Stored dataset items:
+ + + + + + +

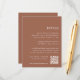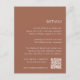 Diese kleine Details-Karte ist eine universelle Eintrittskarte für Ihre Hochzeitsfeier und bietet drei benutzerdefinierte Textfelder für Ihre Hochzeitsdetails, eine Website und einen QR-Code für RSVPs oder zusätzliche Informationen. Ein schlichtes typografisches Design mit minimalistischem Ambiente, klassisch weißes Schriftzeichen auf erdbraunem Büstenhintergrund.
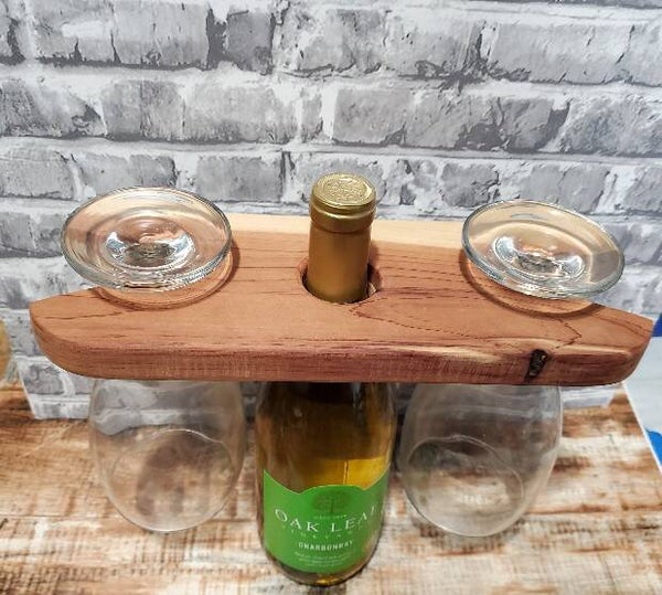 Wine Caddy holds 2 wine glasses with your favorite wine, wine and glasses not included
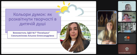 Тему «Кольори думок: як розквітнути творчості в дитячій душі» розкрила Альона Смольянінова, вихователька закладу дошкільної освіти № 7 «Посмішка» Мирноградської міської ради Покровського району Донецької області.
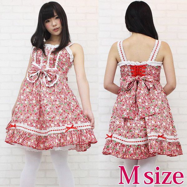 ![]() 真っ赤なチェリー&ベリーでキュートに仕上げた、ギンガムチェックのジャンパースカート(M)。
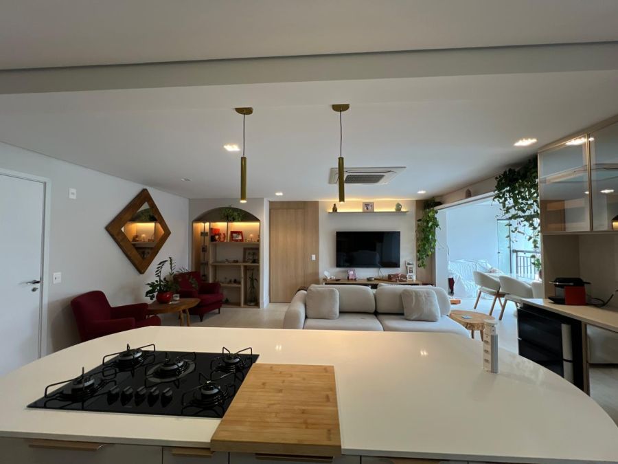 * Recebendo amigos e familiares em um amplo living com sacada e churrasqueira, ideal para momentos de descontração com uma vista panorâmica da cidade.
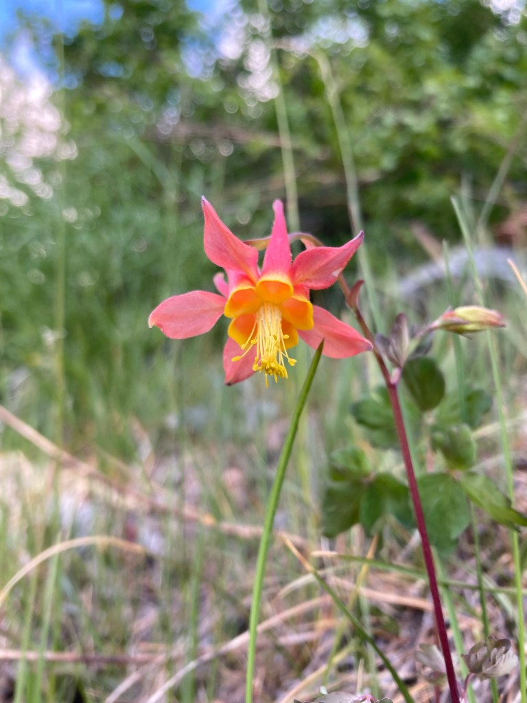 At one point, I notice that columbine is sprouting from the side of the trail. It’s a beautiful, complex reddish-peachy flower with yellow stamens, and between the soft gray-blue sky, the roaring water, and the beauty of this columbine, I feel something start to soften in me.
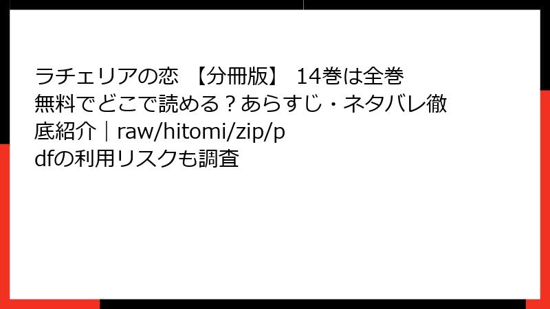 ラチェリアの恋 【分冊版】 14巻は全巻無料でどこで読める?あらすじ・ネタバレ徹底紹介|raw/hitomi/zip/pdfの利用リスクも調査
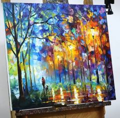 Его картины напоминают зачарованный калейдоскоп: яркие, пёстрые, выразительные и захватывающие воображение. Каждый квадратный мазок приковывает к себе взгляд и вызывает больший интерес, чем радужный хвост павлина. Небо на произведениях Леонида Афремова (Leonid Afremov) ? пронзительно синее, города – сказочные и очаровательные, а фигуры людей – загадочные. Картины этого художника невозможно спутать с любыми другими, настолько они выразительны и оригинальны. Автор пишет их не кисточками, а мастихином ? специальным мастерком для нанесения густой масляной краски на холст. Эта техника делает работы рельефными и очень яркими. Каждый сантиметр картин будто светится.
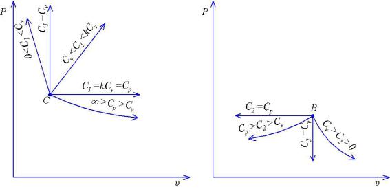 Давление и удельный объем в точке В находим по формулам, связывающим параметры в политропном процессе, причем
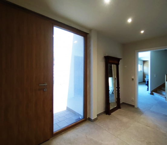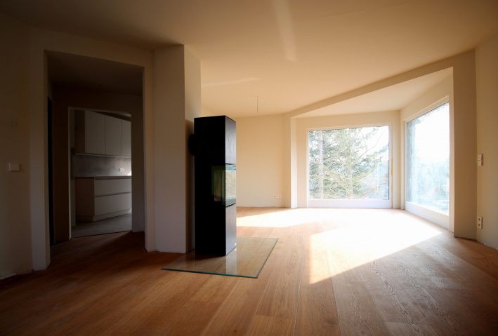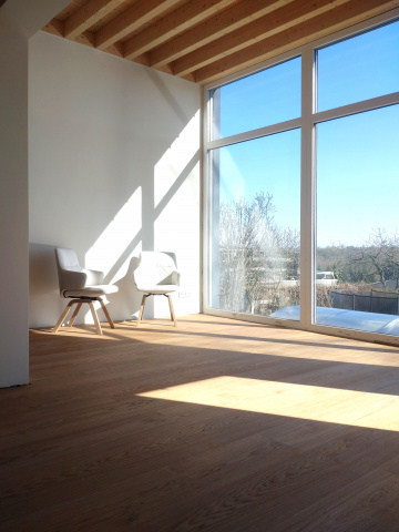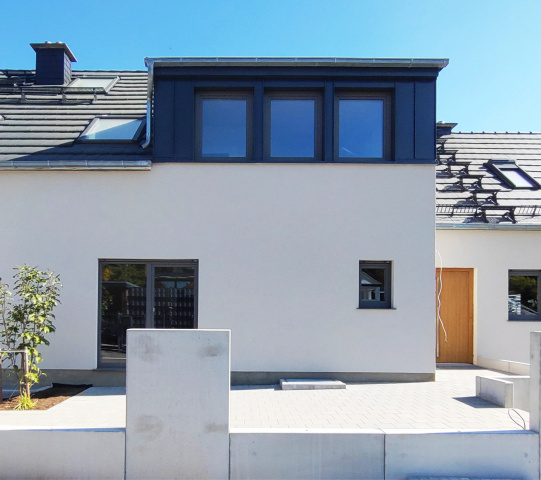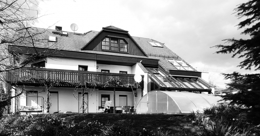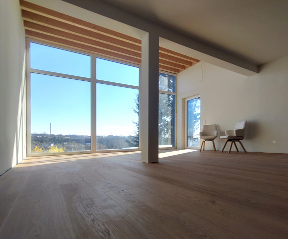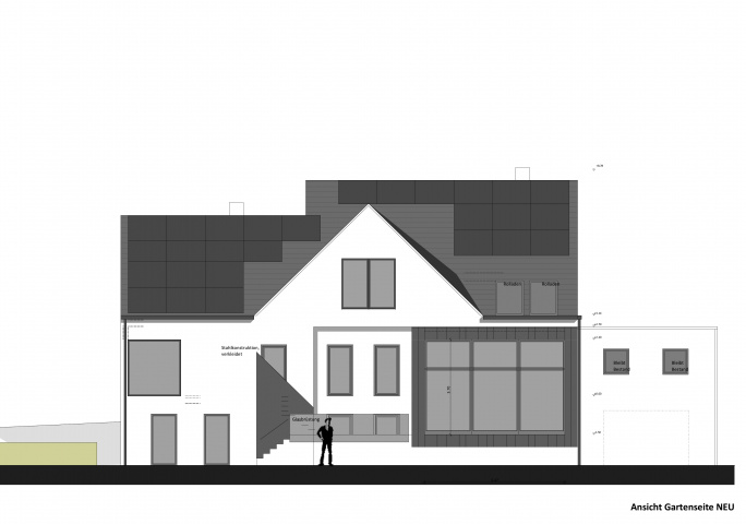 Umgeben von Natur und Erholung liegt in Hanglage das Wohnhaus - welches zukünftig als Generationenwohnhaus seinen Bewohnern einen einzigartigen Kompfort bietet. Das Anfang der 1990er Jahre im Bereich eines älteren Wohnhauses errichtete Gebäudes in Holzrahmenbauweise musste an die Bedingungen unserer Zeit angepasst werden. Da die bestehende Ölheizung gegen eine effiziente Wärmepumpe mit Photovoltaik getauscht werden musste wurde eine energetische Sanierung des gesamten Hauses notwändig. Die 20cm Außenwände mit ca. 10cm Wand- und Zwischensparrendämmung des Daches machten die Ertüchtigung notwendig. Vorsprünge, Gauben, Dachform und Fassadengestaltung wurden verändert - jedoch mit Einsatz von wenigen Mitteln. Der neue Eindruck - ein komplett anderer. Zeitgemäß, großzügig. Würdevoll. Ohne die Neuversieglung und das Optimieren der bestehenden Strukturen konnte das im "Splitlevel" errichteten Hauses barrierearm umgestaltet werden. Eine neue Gaube an der Eingangseite so wie die Veränderung der Schrägdachverglasung an der Gartenseite schufen neue, großzügige Räume mit überraschendem Raumgefühl. Eine Gemeinschaftsterrasse sorgt künftig für einen Treffpunkt - mit wunderbarem Blick.

+ + + + + + +

Each record should be given again exactly, with no picture carried over.

• **Result for this task**:
 Diese kleine Details-Karte ist eine universelle Eintrittskarte für Ihre Hochzeitsfeier und bietet drei benutzerdefinierte Textfelder für Ihre Hochzeitsdetails, eine Website und einen QR-Code für RSVPs oder zusätzliche Informationen. Ein schlichtes typografisches Design mit minimalistischem Ambiente, klassisch weißes Schriftzeichen auf erdbraunem Büstenhintergrund.
 Wine Caddy holds 2 wine glasses with your favorite wine, wine and glasses not included
 Тему «Кольори думок: як розквітнути творчості в дитячій душі» розкрила Альона Смольянінова, вихователька закладу дошкільної освіти № 7 «Посмішка» Мирноградської міської ради Покровського району Донецької області.
 ![]() 真っ赤なチェリー&ベリーでキュートに仕上げた、ギンガムチェックのジャンパースカート(M)。
 * Recebendo amigos e familiares em um amplo living com sacada e churrasqueira, ideal para momentos de descontração com uma vista panorâmica da cidade.
 At one point, I notice that columbine is sprouting from the side of the trail. It’s a beautiful, complex reddish-peachy flower with yellow stamens, and between the soft gray-blue sky, the roaring water, and the beauty of this columbine, I feel something start to soften in me.
 ラチェリアの恋 【分冊版】 14巻は全巻無料でどこで読める?あらすじ・ネタバレ徹底紹介|raw/hitomi/zip/pdfの利用リスクも調査
 Его картины напоминают зачарованный калейдоскоп: яркие, пёстрые, выразительные и захватывающие воображение. Каждый квадратный мазок приковывает к себе взгляд и вызывает больший интерес, чем радужный хвост павлина. Небо на произведениях Леонида Афремова (Leonid Afremov) ? пронзительно синее, города – сказочные и очаровательные, а фигуры людей – загадочные. Картины этого художника невозможно спутать с любыми другими, настолько они выразительны и оригинальны. Автор пишет их не кисточками, а мастихином ? специальным мастерком для нанесения густой масляной краски на холст. Эта техника делает работы рельефными и очень яркими. Каждый сантиметр картин будто светится.
 Давление и удельный объем в точке В находим по формулам, связывающим параметры в политропном процессе, причем
 Umgeben von Natur und Erholung liegt in Hanglage das Wohnhaus - welches zukünftig als Generationenwohnhaus seinen Bewohnern einen einzigartigen Kompfort bietet. Das Anfang der 1990er Jahre im Bereich eines älteren Wohnhauses errichtete Gebäudes in Holzrahmenbauweise musste an die Bedingungen unserer Zeit angepasst werden. Da die bestehende Ölheizung gegen eine effiziente Wärmepumpe mit Photovoltaik getauscht werden musste wurde eine energetische Sanierung des gesamten Hauses notwändig. Die 20cm Außenwände mit ca. 10cm Wand- und Zwischensparrendämmung des Daches machten die Ertüchtigung notwendig. Vorsprünge, Gauben, Dachform und Fassadengestaltung wurden verändert - jedoch mit Einsatz von wenigen Mitteln. Der neue Eindruck - ein komplett anderer. Zeitgemäß, großzügig. Würdevoll. Ohne die Neuversieglung und das Optimieren der bestehenden Strukturen konnte das im "Splitlevel" errichteten Hauses barrierearm umgestaltet werden. Eine neue Gaube an der Eingangseite so wie die Veränderung der Schrägdachverglasung an der Gartenseite schufen neue, großzügige Räume mit überraschendem Raumgefühl. Eine Gemeinschaftsterrasse sorgt künftig für einen Treffpunkt - mit wunderbarem Blick.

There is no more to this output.